2010 Mathematics Subject Classifications:

• 65F18
• 65F15

1. Introduction

An inverse eigenvalue problem (IEP) concerns the reconstruction of a matrix with a special structure from prescribed spectral data. By structure, we mean the pattern of entries that are either zero or nonzero. There are many different types of IEPs and the level of their difficulty depends on the structure of the matrices which are to be reconstructed and the available eigen information. M.T. Chu in [1], gave an elaborate characterization of IEPs.

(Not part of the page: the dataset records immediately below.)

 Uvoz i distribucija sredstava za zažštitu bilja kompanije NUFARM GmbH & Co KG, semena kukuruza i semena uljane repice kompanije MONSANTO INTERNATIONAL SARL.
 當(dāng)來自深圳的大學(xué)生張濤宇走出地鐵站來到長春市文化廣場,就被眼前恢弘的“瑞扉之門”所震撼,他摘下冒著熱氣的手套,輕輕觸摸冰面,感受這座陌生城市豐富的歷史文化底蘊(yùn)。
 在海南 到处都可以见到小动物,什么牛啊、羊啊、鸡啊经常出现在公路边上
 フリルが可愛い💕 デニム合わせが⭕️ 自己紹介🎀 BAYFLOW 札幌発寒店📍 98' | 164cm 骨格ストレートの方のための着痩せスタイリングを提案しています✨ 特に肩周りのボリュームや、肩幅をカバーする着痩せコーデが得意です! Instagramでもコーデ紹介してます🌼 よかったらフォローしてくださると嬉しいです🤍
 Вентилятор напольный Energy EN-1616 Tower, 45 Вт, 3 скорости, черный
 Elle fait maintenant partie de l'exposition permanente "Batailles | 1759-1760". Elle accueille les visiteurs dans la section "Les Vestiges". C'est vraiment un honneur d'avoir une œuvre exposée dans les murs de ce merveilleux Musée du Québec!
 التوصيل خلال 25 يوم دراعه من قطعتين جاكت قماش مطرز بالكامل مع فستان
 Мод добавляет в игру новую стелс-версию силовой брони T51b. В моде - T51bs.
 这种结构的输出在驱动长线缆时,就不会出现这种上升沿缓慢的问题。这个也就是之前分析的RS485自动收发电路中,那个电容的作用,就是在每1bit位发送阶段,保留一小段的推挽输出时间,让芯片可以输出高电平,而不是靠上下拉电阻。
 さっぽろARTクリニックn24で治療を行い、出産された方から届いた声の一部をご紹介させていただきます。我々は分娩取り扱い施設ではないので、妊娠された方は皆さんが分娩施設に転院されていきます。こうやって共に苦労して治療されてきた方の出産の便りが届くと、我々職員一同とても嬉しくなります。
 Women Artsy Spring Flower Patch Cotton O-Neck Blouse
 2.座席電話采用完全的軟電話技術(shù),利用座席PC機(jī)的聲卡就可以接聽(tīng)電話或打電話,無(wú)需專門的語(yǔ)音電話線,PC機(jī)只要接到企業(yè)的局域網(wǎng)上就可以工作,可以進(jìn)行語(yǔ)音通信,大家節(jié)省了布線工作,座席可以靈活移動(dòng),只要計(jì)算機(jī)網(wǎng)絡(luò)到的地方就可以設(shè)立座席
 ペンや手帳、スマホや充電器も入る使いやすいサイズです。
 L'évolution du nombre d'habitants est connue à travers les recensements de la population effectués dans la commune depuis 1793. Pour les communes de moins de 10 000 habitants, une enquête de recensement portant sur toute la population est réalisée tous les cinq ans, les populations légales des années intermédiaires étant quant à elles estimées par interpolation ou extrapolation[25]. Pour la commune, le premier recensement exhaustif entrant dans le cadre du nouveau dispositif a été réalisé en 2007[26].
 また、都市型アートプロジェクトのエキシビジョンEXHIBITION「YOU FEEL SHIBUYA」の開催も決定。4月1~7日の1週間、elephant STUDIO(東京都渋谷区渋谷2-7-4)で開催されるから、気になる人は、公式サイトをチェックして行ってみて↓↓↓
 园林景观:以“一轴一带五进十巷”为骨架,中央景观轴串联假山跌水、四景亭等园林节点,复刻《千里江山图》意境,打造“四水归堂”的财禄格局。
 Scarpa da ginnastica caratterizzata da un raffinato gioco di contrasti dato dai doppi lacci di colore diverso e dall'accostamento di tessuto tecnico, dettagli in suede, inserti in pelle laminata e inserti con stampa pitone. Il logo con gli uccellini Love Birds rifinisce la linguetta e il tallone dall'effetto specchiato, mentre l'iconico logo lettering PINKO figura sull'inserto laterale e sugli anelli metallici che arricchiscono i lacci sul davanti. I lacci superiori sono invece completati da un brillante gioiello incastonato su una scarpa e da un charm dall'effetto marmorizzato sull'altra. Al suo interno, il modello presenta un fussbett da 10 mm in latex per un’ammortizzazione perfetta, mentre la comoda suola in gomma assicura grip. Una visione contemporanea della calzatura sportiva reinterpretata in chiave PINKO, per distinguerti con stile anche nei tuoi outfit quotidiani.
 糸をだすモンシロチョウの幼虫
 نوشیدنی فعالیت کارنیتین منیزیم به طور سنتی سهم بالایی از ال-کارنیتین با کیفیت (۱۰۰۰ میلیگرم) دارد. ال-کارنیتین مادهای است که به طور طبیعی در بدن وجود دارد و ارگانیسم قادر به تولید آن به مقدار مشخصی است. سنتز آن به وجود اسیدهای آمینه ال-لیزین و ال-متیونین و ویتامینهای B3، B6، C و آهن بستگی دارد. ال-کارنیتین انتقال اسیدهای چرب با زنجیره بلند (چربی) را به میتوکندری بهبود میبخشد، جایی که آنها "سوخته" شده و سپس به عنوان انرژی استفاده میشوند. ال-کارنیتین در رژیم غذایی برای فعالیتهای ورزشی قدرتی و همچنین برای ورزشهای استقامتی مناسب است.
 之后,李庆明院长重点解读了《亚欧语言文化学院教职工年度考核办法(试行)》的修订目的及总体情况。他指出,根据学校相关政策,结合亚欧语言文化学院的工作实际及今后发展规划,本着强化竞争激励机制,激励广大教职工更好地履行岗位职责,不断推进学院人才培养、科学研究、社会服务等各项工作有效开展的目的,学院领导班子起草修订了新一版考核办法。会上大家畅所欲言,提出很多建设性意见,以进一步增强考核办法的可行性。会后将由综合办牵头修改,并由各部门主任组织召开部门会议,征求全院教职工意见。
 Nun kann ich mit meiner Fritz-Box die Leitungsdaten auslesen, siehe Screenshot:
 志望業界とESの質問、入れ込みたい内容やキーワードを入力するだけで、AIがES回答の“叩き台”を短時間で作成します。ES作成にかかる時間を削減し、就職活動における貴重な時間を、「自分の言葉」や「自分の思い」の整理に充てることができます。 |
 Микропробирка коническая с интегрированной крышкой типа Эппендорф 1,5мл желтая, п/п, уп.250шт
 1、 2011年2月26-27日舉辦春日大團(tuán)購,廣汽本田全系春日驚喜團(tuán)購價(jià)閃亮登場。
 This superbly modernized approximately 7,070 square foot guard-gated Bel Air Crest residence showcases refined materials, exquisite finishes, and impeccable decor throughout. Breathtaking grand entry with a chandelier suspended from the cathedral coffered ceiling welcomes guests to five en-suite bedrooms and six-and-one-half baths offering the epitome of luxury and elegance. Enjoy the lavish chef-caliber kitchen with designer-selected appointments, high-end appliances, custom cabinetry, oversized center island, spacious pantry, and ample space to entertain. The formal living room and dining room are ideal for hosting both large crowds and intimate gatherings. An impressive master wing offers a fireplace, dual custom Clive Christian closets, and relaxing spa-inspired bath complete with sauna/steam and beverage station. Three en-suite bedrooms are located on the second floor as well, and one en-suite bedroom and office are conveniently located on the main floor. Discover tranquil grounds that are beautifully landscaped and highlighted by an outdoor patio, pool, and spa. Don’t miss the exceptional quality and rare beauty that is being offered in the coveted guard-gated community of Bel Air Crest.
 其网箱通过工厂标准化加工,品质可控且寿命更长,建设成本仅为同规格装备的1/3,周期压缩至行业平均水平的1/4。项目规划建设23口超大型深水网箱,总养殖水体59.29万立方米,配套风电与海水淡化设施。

Inverse eigenvalue problems have many practical applications such as control theory, mechanical system simulation, geophysics, molecular spectroscopy, structural analysis, mass spring vibrations, circuit theory and graph theory [1–5].

A periodic Jacobi matrix is the following symmetric matrix: (1) $A_n=\left[\begin{array}{cccccccc}{a}_1& b_1& 0& 0& 0& 0& \cdots & b_n\\ b_1& a_2& b_2& 0& 0& 0& \cdots & 0\\ 0& b_2& a_3& b_3& 0& 0& \cdots & 0\\ 0& 0& b_3& a_4& b_4& 0& \cdots & 0\\ 0& 0& 0& b_4& a_5& b_5& \cdots & 0\\ 0& 0& 0& 0& \ddots & \ddots & \ddots & 0\\ 0& 0& 0& 0& \cdots & b_{n-2}& a_{n-1}& b_{n-1}\\ b_n& 0& 0& 0& \cdots & 0& b_{n-1}& a_n\end{array}\right],$(1)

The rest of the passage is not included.